To introduce inferences for CGRFS, we used the counting process notations. Let Z be the censoring time. Suppose that data of n patients are collected. The sample can be summarized as \((X_{ik}, \Delta _{ik})\ (i=1,\cdots ,n;\ k=1,\cdots ,5)\), where \(X_{ik}=\min (T_{ik}, Z_i),\ \Delta _{ik}=I(T_{ik}\leq Z_i)\) and \(I(\bullet )\) is an indicator function which takes value 1 if the event happens, and 0 otherwise. \(N_{ik}(t)\) indicates whether the ith patient experiences the kth composite endpoint at or prior to t, that is, \(N_{ik}(t)=I(X_{ik}\leq t, \Delta _{ik}=1)\) and let \(\bar{N}_k(t)=\sum _{i=1}^n N_{ik}(t)\). Also we defined the risk sets related to the five composite endpoints. Let \(Y_{ik}(t)=I(X_{ik}\geq t)\) and \(\bar{Y}_k=\sum _{i=1}^n Y_{ik}(t)\).

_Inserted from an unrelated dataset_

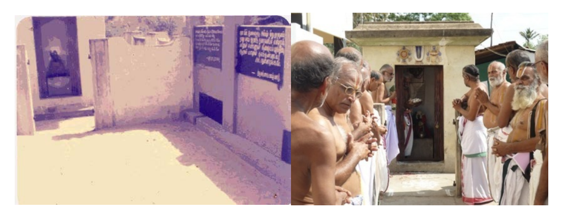
HH Sri.Swamy's Brindavanam@Srirangam with Compound wall in 1980's

So \(\bar{Y}_1(t)\) is number of patients alive in remission without experiencing CGVHD, i.e., in state 0 at time t, and

\(\bar{Y}_2(t)\): Number of patients in states 0, 2, 4 at time t

\(\bar{Y}_3(t)\): Number of patients in states 0, 2 at time t

\(\bar{Y}_4(t)\): Number of patients in states 0, 2, 4, 6, 8 at time t

\(\bar{Y}_5(t)\): Number of patients in states 0, 2, 4, 6 at time t

Using the counting process notations, the Kaplan-Meier estimator of \(S_k(t)\) is given by

$$\begin{aligned} \widehat{S}_k(t)=\prod\limits_{u\geq 0}^t \left[ 1-\frac{d\bar{N}_k(u)}{\bar{Y}_k(u) } \right] , \quad k=1,\cdots , 5. \end{aligned}$$

CGRFS, as a linear combination of five survival functions, can be subsequently estimated by \(\widehat{C}(t)=\widehat{S}_1(t)+\widehat{S}_2(t)-\widehat{S}_3(t)+\widehat{S}_4(t)-\widehat{S}_5(t)\).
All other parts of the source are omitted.